Flying: At the sixth annual Aerial Robot Competition (July 14, Epcot Center, Orlando, Fla.), the homemade robots of 14 teams–helicopters, blimps and tilted-wing airplanes–will lift off from, fly to and hover over a simulated waste dump, then map the area by reading labels on the waste drums. The mission is a success if the robot can also retrieve an orange magnet at the site. Sound easy? The robots can’t get any help from their handlers and have one hour to finish. In past years, some of the finest minds in AI have watched their creations break, crash or–in the case of one blimp built by a German team–wander toward nearby power lines.
Navigating: In this year’s Mobile Robot Competition (July 27-31, Providence, R.I.), part of the annual conference of the American Association of Artificial Intelligence, robots will scour a cluttered room for specific objects like a TV remote control. They’ll also attempt to vacuum a three-room area and serve hors d’oeuvres to conference attendees. In the most ambitious event, inspired by NASA’s Pathfinder mission, robots will navigate across a rock-strewn “Martian” surface and collect a series of “life forms,” represented by moving balls. All of these events, says Brown University’s Tom Dean, “require a lot of knowledge about the world. The hardest part is dealing with the richness and complexity and exceptions to every rule.”
For conference attendees who want to get more interactive, a Hall of Champions exhibit allows them to challenge the best computer programs in games like checkers, chess, Othello, Go and bridge. Some of these, like checkers, poker and backgammon, are already dominated by computers.

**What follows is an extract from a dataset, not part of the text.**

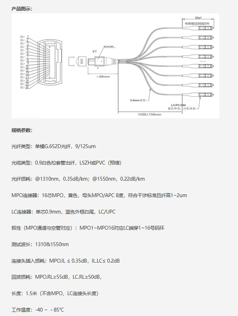 VCHUNG 1315-1.5m MPO16APC16xLC-UPC-G.652D fiber optic 21522LFA

Teaming up: Soccer, believe it or not, is the game of this year’s most intriguing event, RoboCup (Aug. 23, Nagoya, Japan). In small- and medium-size robot leagues, teams of five robots apiece will duel with miniature balls and goals. In the medium-size league, robots have a maximum diameter of 50 centimeters and play on a field the size of nine Ping-Pong tables. All the robots sport wheels (bipedal motion is not advanced enough), while central computers instruct the players via radio signals. Contest creator Hiroaki Kitano, full of the grand vision typical to AI researchers, says the eventual goal of the contest is to have robots compete in the real World Cup. Since that’s many decades away from happening, Kitano is happy just to stimulate research into the tricky problem of getting computers to work together, an area called multiagent collaboration. Applications of this field include robots teaming up in deep space and on rescue missions. Next to the computers in all these contests, Deep Blue’s task seems easy. Somebody should buy it some sneakers.